Ação judicial se arrasta há uma década
Segundo apuração do UOL, que foi publicada em abril, as condições de segurança do Edifício Júlia Cristianini são alvo de uma ação movida pelo Ministério Público de São Paulo (MP-SP) desde 2015.
O processo cobra que a prefeitura avalie a estrutura e execute obras emergenciais, diante do risco de desabamento e de incêndio apontado por laudos técnicos.
Entre 2018 e 2019, três relatórios periciais anexados ao processo confirmaram que o prédio apresenta perigo iminente.
Em um dos documentos, o perito alerta que a reforma não é recomendada, pois continuaria a expor moradores e visitantes a “grandes riscos”. O texto, de abril de 2019, sugere que qualquer tentativa de revitalização exija um monitoramento constante e rigoroso do edifício.

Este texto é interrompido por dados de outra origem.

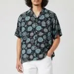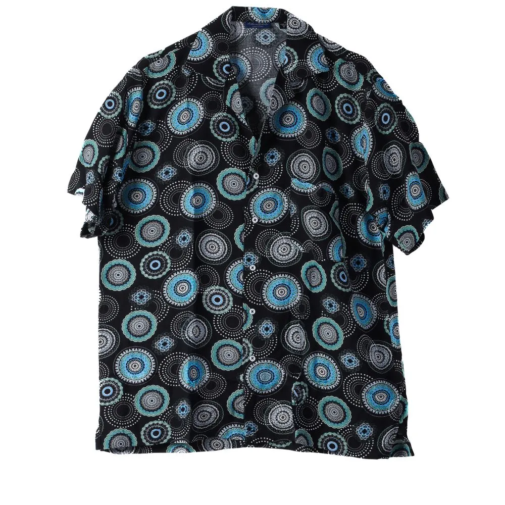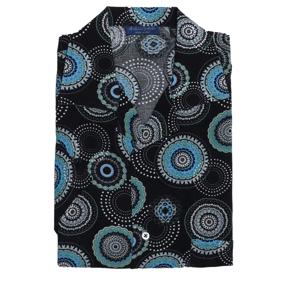 Camicia a maniche corte, leggera e traspirante, caratterizzata da una stampa circolare in tonalità fredde tra il blu oceano e il verde salvia su fondo nero profondo, questa fantasia richiama motivi mandalici e vibrazioni psichedeliche, dando al capo un’allure decisa e contemporanea. Un pattern ricco di ritmo visivo, perfetto per chi ama distinguersi con stile anche nei look estivi.
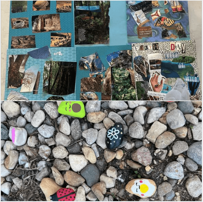 We made photo collages and painted stones.
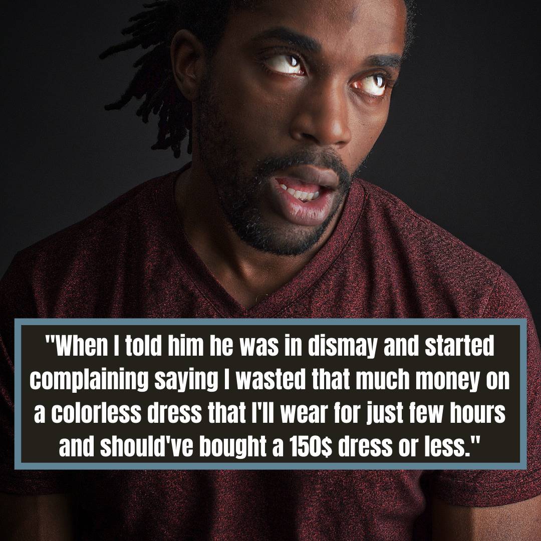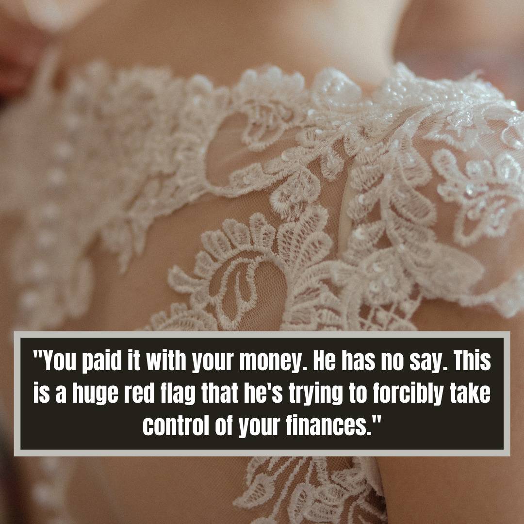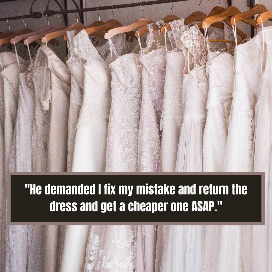 Her fiancé wanted her to take the dress back and find a cheaper one.
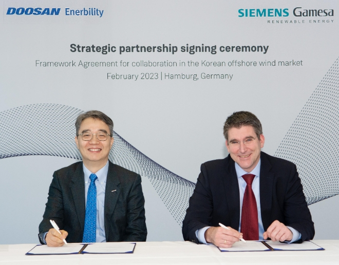 한편, SGRE는 독일 지멘스에너지의 자회사로, 글로벌 해상풍력 시장에서 21GW 공급실적으로 시장 점유율 1위를 기록하고 있다. 현재 6MW급 다이렉트 드라이브(Direct Drive) 부터 14MW급 까지 다양한 해상풍력모델을 보유하고 있다. 2005년부터 풍력사업을 시작한 두산에너빌리티는 국내 해상풍력 최다 공급 실적을 보유하고 있다. 지난해 8MW급 해상풍력터빈 국제인증을 취득했다.

Nos anos seguintes, o impasse jurídico se estendeu. Enquanto decisões judiciais divergiam entre desocupação e permanência, os próprios moradores realizaram reparos estruturais para evitar o fechamento do prédio.

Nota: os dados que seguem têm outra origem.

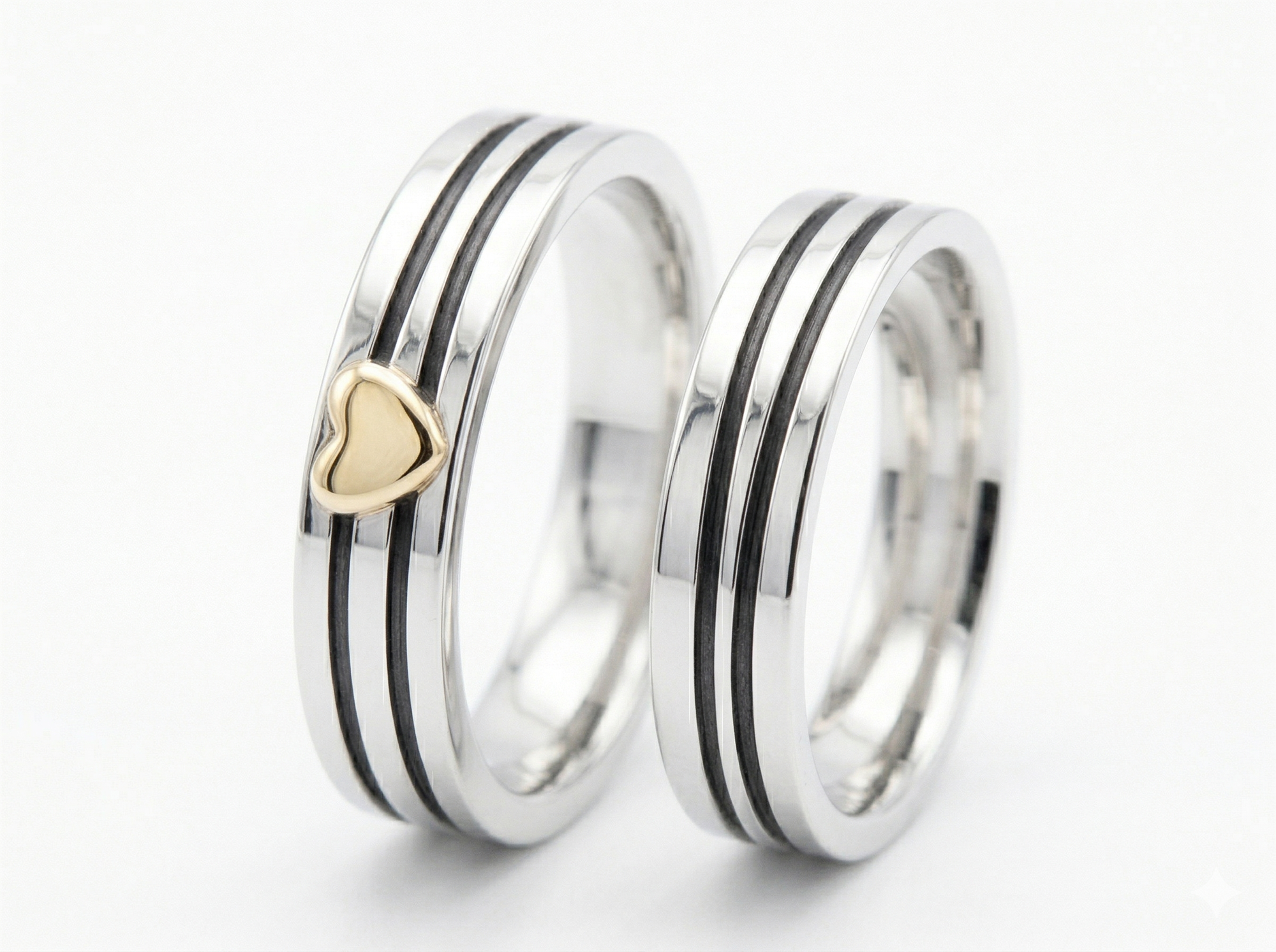 Smukt ringpar fra Randers Sølv i massivt sterling sølv. Ringene er designet med skrå riller, som giver et elegant og moderne udtryk. Dameringen er udsmykket med et diskret hjerte, der tilfører et romantisk præg.

Em 2020, um engenheiro da Secretaria Municipal de Infraestrutura Urbana e Obras reconheceu que o condomínio havia investido R$ 840 mil em obras de segurança, valor que, segundo a prefeitura, demonstrava o compromisso dos condôminos em manter o local habitável.
Mesmo com os riscos apontados, a Justiça determinou que a prefeitura acompanhasse as reformas e oferecesse moradia social às famílias. Os moradores, porém, recusaram o reassentamento e decidiram permanecer no edifício. O processo também reconheceu que os residentes não são invasores, mas proprietários e inquilinos legais.

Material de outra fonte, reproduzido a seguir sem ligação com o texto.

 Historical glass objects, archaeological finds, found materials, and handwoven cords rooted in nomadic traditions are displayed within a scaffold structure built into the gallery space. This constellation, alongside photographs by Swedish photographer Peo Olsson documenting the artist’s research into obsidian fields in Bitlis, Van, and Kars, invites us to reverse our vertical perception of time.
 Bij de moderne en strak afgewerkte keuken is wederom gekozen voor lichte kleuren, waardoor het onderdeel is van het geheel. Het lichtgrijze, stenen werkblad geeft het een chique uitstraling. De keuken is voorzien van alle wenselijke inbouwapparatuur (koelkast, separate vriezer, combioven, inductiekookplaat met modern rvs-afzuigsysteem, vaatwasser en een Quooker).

Vistorias e impasse entre MP e prefeitura
Em 2022, o MP-SP voltou a cobrar o cumprimento das decisões judiciais, exigindo que o município fiscalizasse as intervenções. Em abril de 2024, uma nova sentença reforçou a obrigação da prefeitura de vistoriar as obras pagas pelos moradores e verificar as reais condições estruturais do prédio.
De acordo com o UOL, a prefeitura informou ter feito uma visita técnica em setembro de 2024 e constatado que as obras ainda estavam em andamento. Apesar disso, o órgão não enviou à reportagem o relatório detalhado da vistoria, descumprindo parte da decisão judicial.
O síndico atual, identificado como Camilo, afirmou que as obras seguem “no ritmo dos recursos financeiros” e garantiu que laudos recentes atestam a estabilidade estrutural. Segundo ele, a prioridade é concluir o sistema de combate a incêndio, enquanto a recuperação da fachada deve ocorrer em seguida.
Após a reportagem questionar o município, a prefeitura solicitou à Justiça o encerramento do processo. O MP-SP, no entanto, se manifestou contra o pedido e defendeu a continuidade da ação, alegando que os reparos ainda estão em andamento e que será necessário avaliar, ao final das obras, se os riscos foram realmente eliminados.